EXERCISE DESCRIPTION: The lines to copy run from the one containing "ระเบียบวาระที่ 4 เรื่องเพื่อพิจารณา/" to the last line of the entries; output those lines exactly and only them, without pictures.

Data extracted from a collection
"""
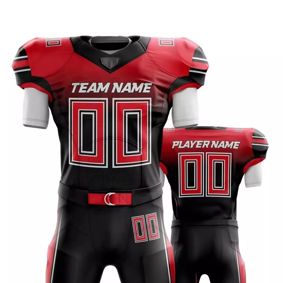 Nueva llegada logotipo personalizado impreso equipo de fútbol americano desgaste transpirable sublimación más tamaño característica uniforme de manga corta
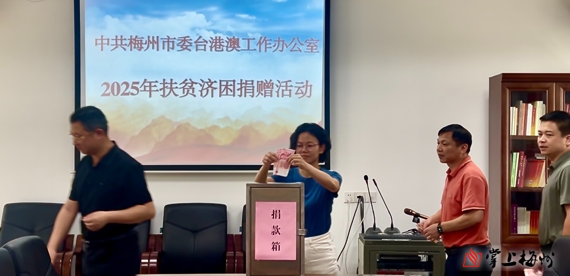 掌上梅州讯 7月1日上午,市委台港澳办开展2025年“6·30”扶贫济困爱心捐款活动,市委台港澳办主任洪国华等领导班子及全办干部职工参加活动并捐款。
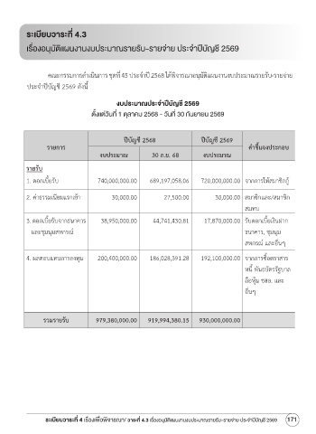 ระเบียบวาระที่ 4 เรื่องเพื่อพิจารณา/ วาระที่ 4.3 เรื่องอนุมัติแผนงานงบประมาณรายรับ-รายจ่าย ประจำาปีบัญชี 2569 171
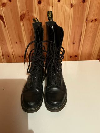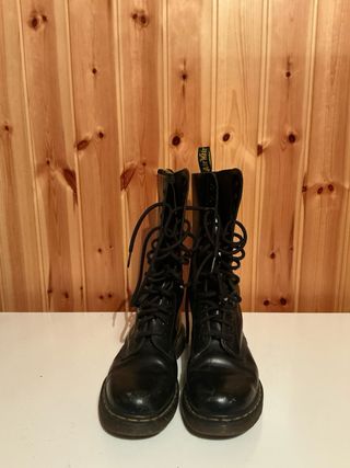 Iconici anfibi Dr. Martens neri, modello classico. - Tomaia in pelle lucida. - Allacciatura frontale con lacci. - Suola in gomma resistente.
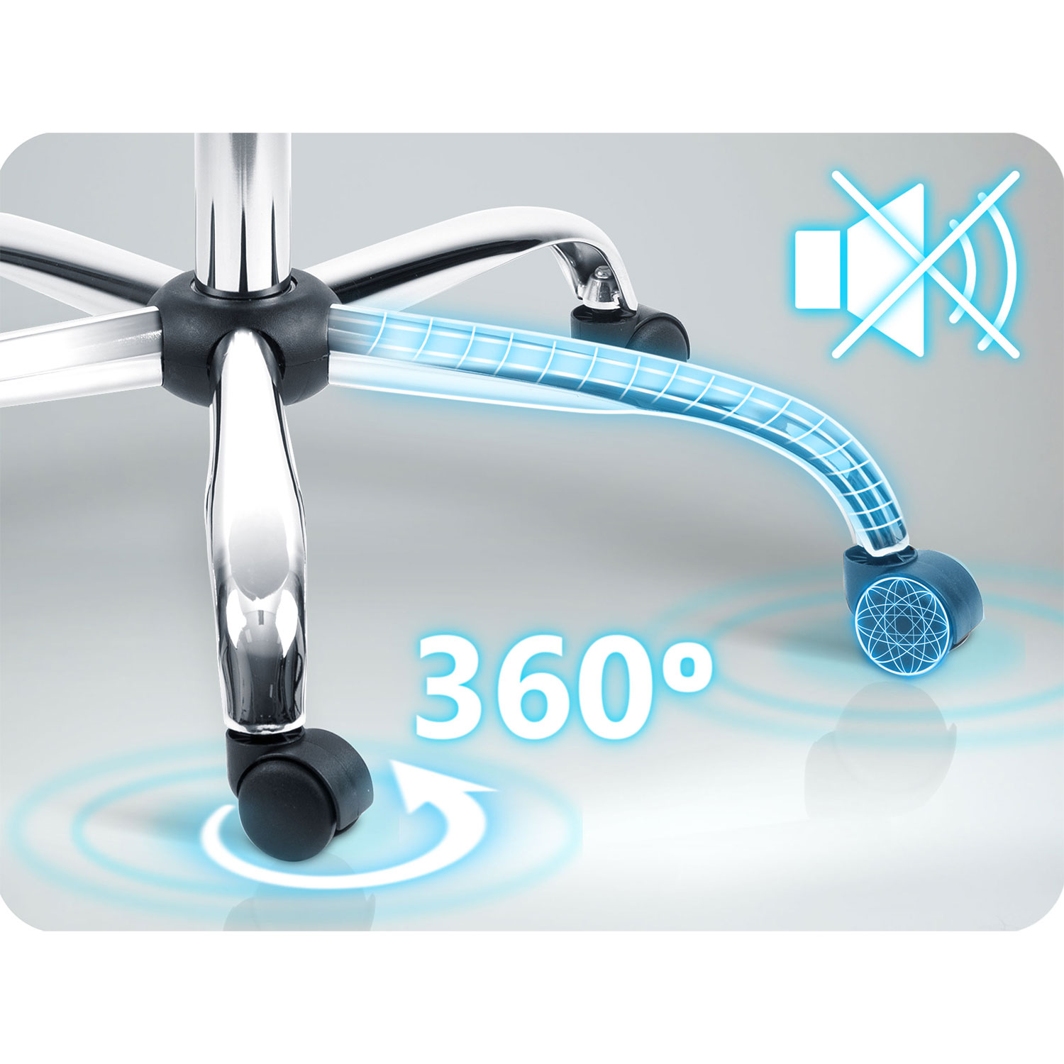 Mocna chromowana podstawa i ciche powlekane kółka
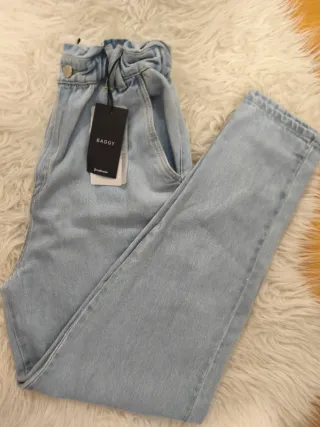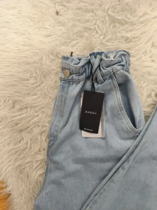 Pantalón vaquero de Stradivarius, con un diseño moderno y cómodo. - Estilo baggy o holgado. - Cintura elástica con detalle fruncido. - Cierre de botón y cremallera. - Bolsillos delanteros y traseros.
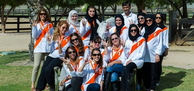 خلال البرنامج التدريبي «مهارات القيادة من منظور الفروسية»، الذي نظمته مؤسسة دبي للمرأة، واختتمت دورته الثانية بمشاركة 45 سيدة، يشغلن مناصب إدارية عليا من القطاعين الحكومي والخاص. ويسعى من خلال التفاعل مع الخيل إلى تطوير الثقة بالنفس ومهارات القيادة.
"""
TASK SOLUTION:
 ระเบียบวาระที่ 4 เรื่องเพื่อพิจารณา/ วาระที่ 4.3 เรื่องอนุมัติแผนงานงบประมาณรายรับ-รายจ่าย ประจำาปีบัญชี 2569 171
 Iconici anfibi Dr. Martens neri, modello classico. - Tomaia in pelle lucida. - Allacciatura frontale con lacci. - Suola in gomma resistente.
 Mocna chromowana podstawa i ciche powlekane kółka
 Pantalón vaquero de Stradivarius, con un diseño moderno y cómodo. - Estilo baggy o holgado. - Cintura elástica con detalle fruncido. - Cierre de botón y cremallera. - Bolsillos delanteros y traseros.
 خلال البرنامج التدريبي «مهارات القيادة من منظور الفروسية»، الذي نظمته مؤسسة دبي للمرأة، واختتمت دورته الثانية بمشاركة 45 سيدة، يشغلن مناصب إدارية عليا من القطاعين الحكومي والخاص. ويسعى من خلال التفاعل مع الخيل إلى تطوير الثقة بالنفس ومهارات القيادة.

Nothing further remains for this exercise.